NLRC5 exclusively transactivates MHC class I and related genes through a distinctive SXY module

MHC class II (MHCII) genes are transactivated by the NOD-like receptor (NLR) family member CIITA, which is recruited to SXY enhancers of MHCII promoters via a DNA-binding “enhanceosome” complex. NLRC5, another NLR protein, was recently found to control transcription of MHC class I (MHCI) genes. However, detailed understanding of NLRC5’s target gene specificity and mechanism of action remained lacking. We performed ChIP-sequencing experiments to gain comprehensive information on NLRC5-regulated genes. In addition to classical MHCI genes, we exclusively identified novel targets encoding non-classical MHCI molecules having important functions in immunity and tolerance. ChIP-sequencing performed with Rfx5−/− cells, which lack the pivotal enhanceosome factor RFX5, demonstrated its strict requirement for NLRC5 recruitment. Accordingly, Rfx5-knockout mice phenocopy Nlrc5 deficiency with respect to defective MHCI expression. Analysis of B cell lines lacking RFX5, RFXAP, or RFXANK further corroborated the importance of the enhanceosome for MHCI expression. Although recruited by common DNA-binding factors, CIITA and NLRC5 exhibit non-redundant functions, shown here using double-deficient Nlrc5−/−CIIta−/− mice. These paradoxical findings were resolved by using a “de novo” motif-discovery approach showing that the SXY consensus sequence occupied by NLRC5 in vivo diverges significantly from that occupied by CIITA. These sequence differences were sufficient to determine preferential occupation and transactivation by NLRC5 or CIITA, respectively, and the S box was found to be the essential feature conferring NLRC5 specificity. These results broaden our knowledge on the transcriptional activities of NLRC5 and CIITA, revealing their dependence on shared enhanceosome factors but their recruitment to distinct enhancer motifs in vivo. Furthermore, we demonstrated selectivity of NLRC5 for genes encoding MHCI or related proteins, rendering it an attractive target for therapeutic intervention. NLRC5 and CIITA thus emerge as paradigms for a novel class of transcriptional regulators dedicated for transactivating extremely few, phylogenetically related genes.

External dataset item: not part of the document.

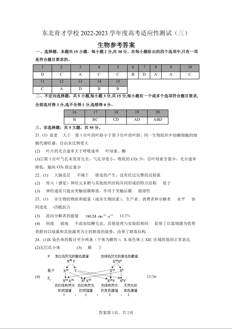 高三生物答案--辽宁省沈阳市东北育才学校2023届高三 三模

Author Summary Major histocompatibility complex class I (MHCI) molecules are central to immunity and immunological disorders, and constitute a major obstacle in organ transplantation. It is therefore vital to gain insight into the regulation of their expression. NLRC5 was recently found to regulate MHCI gene transcription. However, we lack a thorough understanding of its target gene specificity and mechanism of action. Our work addresses these questions, delineating the unique consensus sequence required for NLRC5 recruitment and pinpointing conserved features conferring its specificity. Furthermore, through genome-wide analyses, we confirm that NLRC5 regulates classical MHCI genes and identify novel target genes, all encoding non-classical MHCI molecules exerting an array of functions in immunity and tolerance. We thereby demonstrate that NLRC5 exclusively transactivates genes of the MHCI pathway, rendering it an attractive target for future therapeutic intervention. The most striking feature of NLRC5 is its restricted and highly focused transcriptional activity, which has been described so far only for one related factor, CIITA. NLRC5 and CIITA therefore emerge as prototypes for a novel kind of extremely specific transcriptional regulator.